A popular argument for Government or district schools is, that they are a cheap police. I admit, that good schools are. And so are good churches. Why, then, should not Government take upon itself the care of the churches, as well as of the schools? And since good family-government is, also, a cheap police, and a thousand fold more important to this end than either schools or churches, or both put together, why should not Government take under its supervision our family affairs also? In this cheap-police plea for Government schools, there is, at least, one thing taken for granted, which should not be. It is, that without the help of Government, there would not be schools, or, at least, not so many: whereas the probability is, that, were there no interference of Government, our schools would not only be better than they now are, but quite as numerous also.
It is asked — what will the poor do to get their children educated, in case Government aid is withdrawn?

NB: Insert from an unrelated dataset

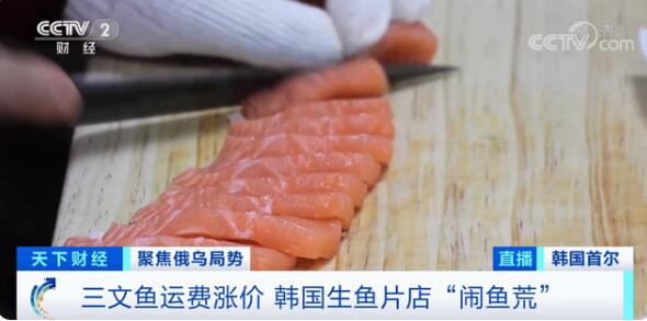 同時,韓國從北歐進口的三文魚價格,也在航空運費的壓力之下飛漲。一些歐洲航空公司為避開受影響的航線,通過繞道把三文魚空運到韓國。在近期國際油價飆升的背景下,更長的飛行時間進一步推高了運輸成本。就在過去這一周,韓國進口三文魚價格暴漲約六成。部分生魚片店不得不把招牌菜“挪威三文魚”從菜單中去掉,還有餐廳取消了三文魚沙拉。
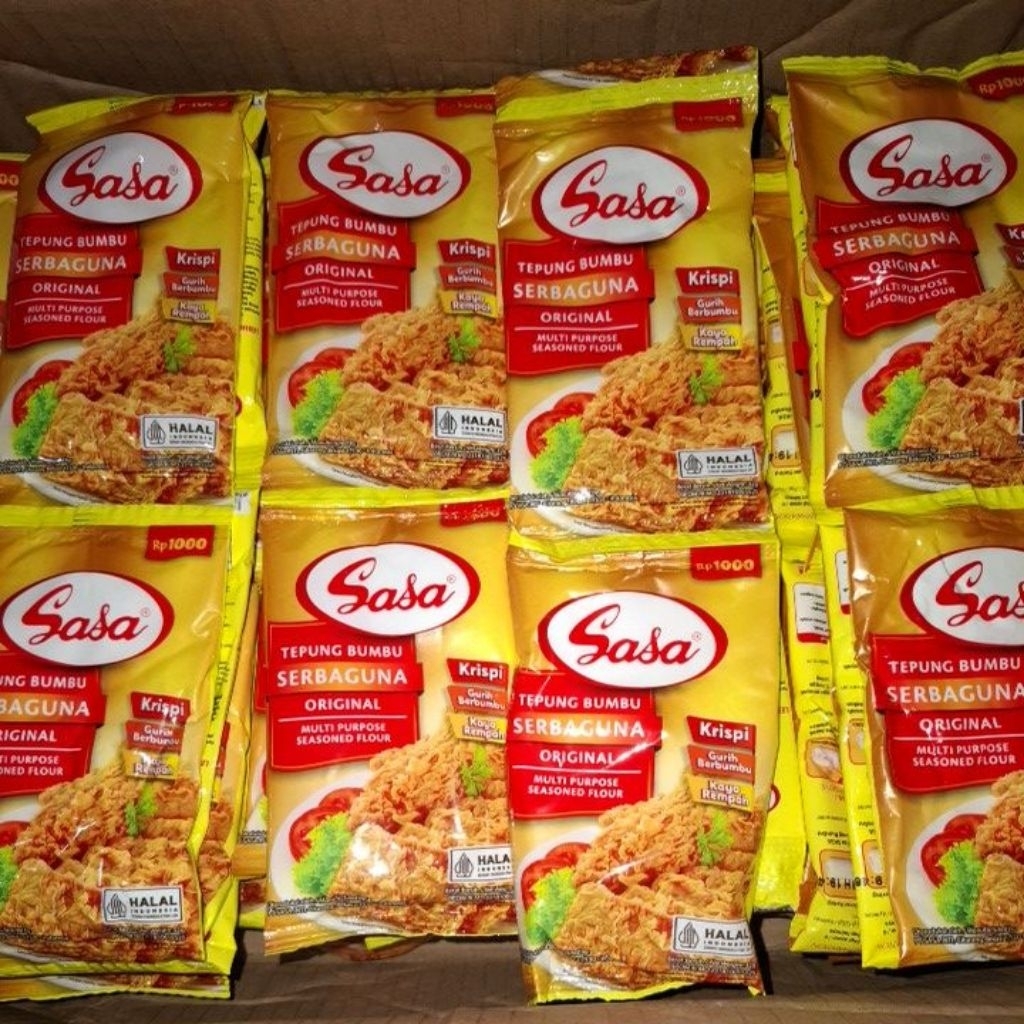 Sasa tepung bumbu serbaguna praktis digunakan, cocok digunakan untuk gorengan, ayam, tempe, jamur, udang dll, tanpa perlu tambahan bumbu lainya.

We answer, let them do anything rather than hang upon Government for an education — for an education, which, because it is Governmental, is emasculated of all positive, earnest, hearty religion — for an education, in which, because it is Governmental, the substance of morality is exchanged for the show of morality — and in which what is honest and uncompromising and robust and manly in character is made to give place to pusillanimity, effeminacy, calculation, baseness.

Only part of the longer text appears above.